歯の抜歯に伴うリスクは何ですか?

歯の抜歯は避けられないケースがありますが、手術に伴うリスクを事前に理解し、適切に対策を取ることが重要です。

大量出血

NYU大学歯科大学院のマイケル・フローマン歯科医師によると、頭頸部には多数の血管が走っており、抜歯時に大量出血が起こりやすいです。圧迫止血が難しいうえ、唾液中の酵素が血液凝固を妨げます。そのため、歯科医は高血圧や肝炎など、出血を悪化させる可能性のある既往歴を事前に確認します。

乾燥槽(ドライソケット)

抜歯後に形成された血餅が外れたり溶けたりすると、骨が露出した状態(乾燥槽)になります。感染や炎症を起こし、強い痛みを伴います。発生率は約3%で、単一歯の抜歯で多く見られます。
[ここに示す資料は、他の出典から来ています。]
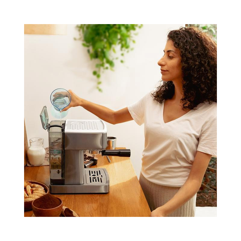 Η καφετιέρα, είναι εξοπλισμένη με αφαιρούμενη δεξαμενή νερού 1.8 Lt και δίσκο θέρμανσης φλυτζανιών από ανοξείδωτο ατσάλι. Με ρυθμιζόμενο εξάρτημα για αφρόγαλα και λειτουργία ζεστού νερού για τσάι. Με την τεχνολογία Thermoblock που διαθέτει, η καφετιέρα διασφαλίζει ότι η θερμοκρασία παραμένει στο βέλτιστο εύρος της για να αποκτήσετε τον καλύτερο καφέ.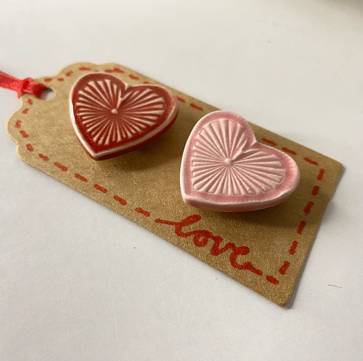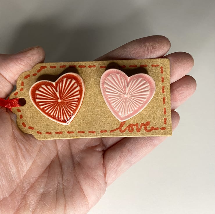 These little heart magnets are made from white earthenware clay and imprinted with pattern. They have been fired twice, once to the bisque stage and then a second firing for the glossy glaze. Each magnet measures 3cm x 3cm height x 5mm thick.

鎮痛剤や局所麻酔薬で痛みを緩和し、自然治癒を待ちます。

感染症

口腔内は多数の細菌が常在し、特に口腔衛生が不十分な場合、抜歯後に感染しやすくなります。症状としては歯肉や舌、顔の腫れ、圧痛、出血、膿などがあります。完全な無菌状態は不可能なため、歯科医は予防的に抗生物質を処方することがあります。

顎骨骨折

抜歯時に過度の力を加えることは稀ですが、顎骨が脆弱な場合は骨折のリスクがあります。歯科医は事前にその可能性を説明し、必要に応じて対策を講じます。骨折の確率は患者個人の骨の状態に左右され、施術者によって変わりません。